When Kim Newman recommends something I usually sit up and listen. The avuncular film critic and horror fan has recently released his Guide to the Flipside of British Cinema, a 40 minute documentary that accompanies the BFI’s series of obscure British movies now available on DVD. The films date from the 1960s and as a dedicated fan of forgotten cinema I have to confess that I’ve only ever seen two of them. Richard Lester’s The Bed Sitting Room (1969) is easily the best known of the collection, and even though I’ve never been a big fan of the film, Newman promises a fully restored print. Also there’s Privilege (1967), Peter Watkins study of pop stardom which followed his controversial television works Culloden and The War Game.
But it’s the films that have so far escaped my attention that interest me the most:
- Man of Violence (1968), a result of Pete Walker’s brief flirtation with the crime genre.
- All the Right Noises (1968), starring Tom Bell and Olivia Hussey.
- Herostratus (1967), which looks like the most pretentious art film ever conceived. Mr Newman, however, assures us that it is well worth watching. And this is a must as far as I’m concerned as it features an early film appearance by Helen Mirren.
- Primitive London (1965), a shocking doumentary on the seedier side of the capital.
Newman’s DVD is nothing more than a taster for these films, so expect nothing more sophisticated than a series of clips and shots of him discussing them. Oddly, he doesn’t mention all of the films available in the Flipside series, missing out Guy Hamilton’s The Party’s Over featuring a young Oliver Reed. It’s on the top of my must-see list.

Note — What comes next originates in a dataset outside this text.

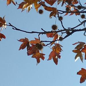 モミジバフウノキ 散り残った葉と可愛い実 穏やかな師走の陽射しの中 青空に映えて

Expect a review shortly.
Kim Newman’s Guide to the Flipside of British Cinema also features three short films. The Spy’s Wife, made in 1972, is a very odd film starring Tom Bell and Dorothy Tutin and directed by Gerry O’Hara. Perfect for spotting London locations but only just manages to stay its 28 minutes welcome. Tomorrow Night in London is a very short piece from the late 60s showcasing the happening scene of the time. It’s the sort of thing repeated on Channel 4 afternoon viewing until about 1990. Carousella is a black and white documentary about strip artists, which brings to mind elderly gentlemen in long raincoats at the Scala Cinema. However it is rather fascinating, and is well worth investigating – the mood reminding of Ken Loach’s Poor Cow.